А тут и война пришла. 22 июня — в тот самый день и месяц, когда увели отца в 1937 году. Запомнила этот день навеки. Пришла война для нас, студентов, совсем неожиданно. Узнали днем на занятиях, и мальчишки тут же побежали записываться добровольцами, но студентов пока не брали, а мы, девчонки, тоже сразу в медсестры. Все происходило с невероятной быстротой, но ощущения скорого конца войны не было. Нет, нам казалось, что долго-долго никаких мирных дней не увидим. Не помню, чтобы вслух выражали признаки особого патриотизма, произносили речи. Нет. Просто пошли записываться добровольцами. Больше задела, и очень сильно, отмена стипендий для всех, независимо от успеваемости. Тут же многие из ребят стали искать работу, занятия пропускали, а некоторые вообще бросили институт и разъехались по домам.
Наша небольшая компания бодрилась и делала незаинтересованный вид — ну что там война, ничего, поживем еще. Иной раз собирались вместе поболтать, повеселиться, что-нибудь вкусное поесть — пока всего полно в магазинах, еще только начало. То собирались у одной подружки — квартира пустая, то у другой — в доме Нирнзее, доме примечательном, самом высоком в Москве, где длиннющие коридоры, устланные красными дорожками, и всё двери, двери, двери, а за ними отдельные маленькие квартирки [163]. В той, где мы собирались, две комнаты, отделенные аркой, и забавная маленькая кухонька. Зато вид в окно замечательный — высоко, вся Москва перед тобой. Воображаем (до чего же наивно, по-детски) «пир во время чумы». Как же, на столе пирожные и бутылка вина (вот так пир!) марки Шато Икем — якобы французское. Такого вина я больше никогда не встречала [164]. Но и этого мало. Бегаем в оперетту, в сад «Эрмитаж». Там ставят бессмертную «Сильву» Кальмана. Героиню играет известная чешская актриса с русской фамилией Стефания Петрова (только ударение на первом слоге). Отец героя — великолепный Ярон [165]. Постановка блестящая. В разгар действия — воздушная тревога. Не думайте, что все разбежались или попрятались. Нет. Вышли в сад под деревья. Тревога быстро кончилась, к счастью, и мы успешно дослушали и досмотрели любимую оперетту. Наслаждались в Художественном «Пиквиком», а в ложе справа сидел Антони Иден (лорд Эйвон) — министр иностранных дел Великобритании, нашей союзницы. Вспоминала, как с родителями смотрела «Дни Турбиных», и в ложе — наше правительство. Вспоминала, как с отцом слушали скучнейшую грузинскую оперу Палиашвили «Абесалом и Этери» в Большом, и в ложе сидел Сталин (была декада грузинской культуры).

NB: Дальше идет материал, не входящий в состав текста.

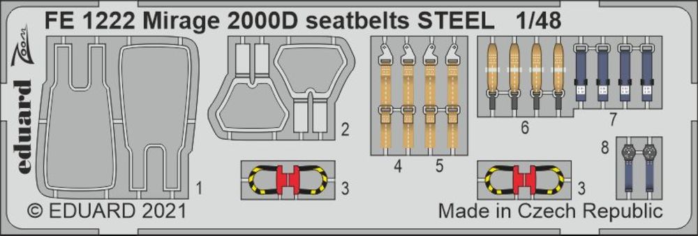 Mirage 2000D seatbelts STEEL 1/48 KINETICProductspecificaties

А тут — вовсю идет война, настигает нас.
Уже заклеивают окна бумажными полосами (от взрывной волны), ставят ящики с песком у подъездов под стенами домов — от зажигательных бомб: песок будет их гасить. Но, думаем мы, ведь их еще надо поймать и сбросить в песок, значит, придется лезть на крышу и дежурить, скорее всего ночью. Тут мы задумываемся, и особенно когда неожиданно среди ночи раздается вой сирен, лучи прожекторов скрещиваются в небе, гул летящих самолетов, выстрелы, видимо, зениток, падающие осколки непонятно чего, то ли бомб, то ли сбитых самолетов. Ужас охватывает нас, но вот и отбой дают. Что же случилось? Неужели немцы так дерзко прорвались в Москву? Да ничего не случилось — это пробная тревога. А ну-ка посмотрим, как поведут себя москвичи? Для москвичей же, особенно старшего возраста, — испытание тяжелое. У кого обморок, у кого дыхание перехватило, у кого сердечный приступ. Впоследствии мне рассказал Алексей Федорович Лосев, что его учитель по университету, близкий ему человек, уже старик, известный ученый и член академии наук СССР Николай Иванович Новосадский скончался от сердечного приступа в эту замечательную ночь имитации вражеского налета.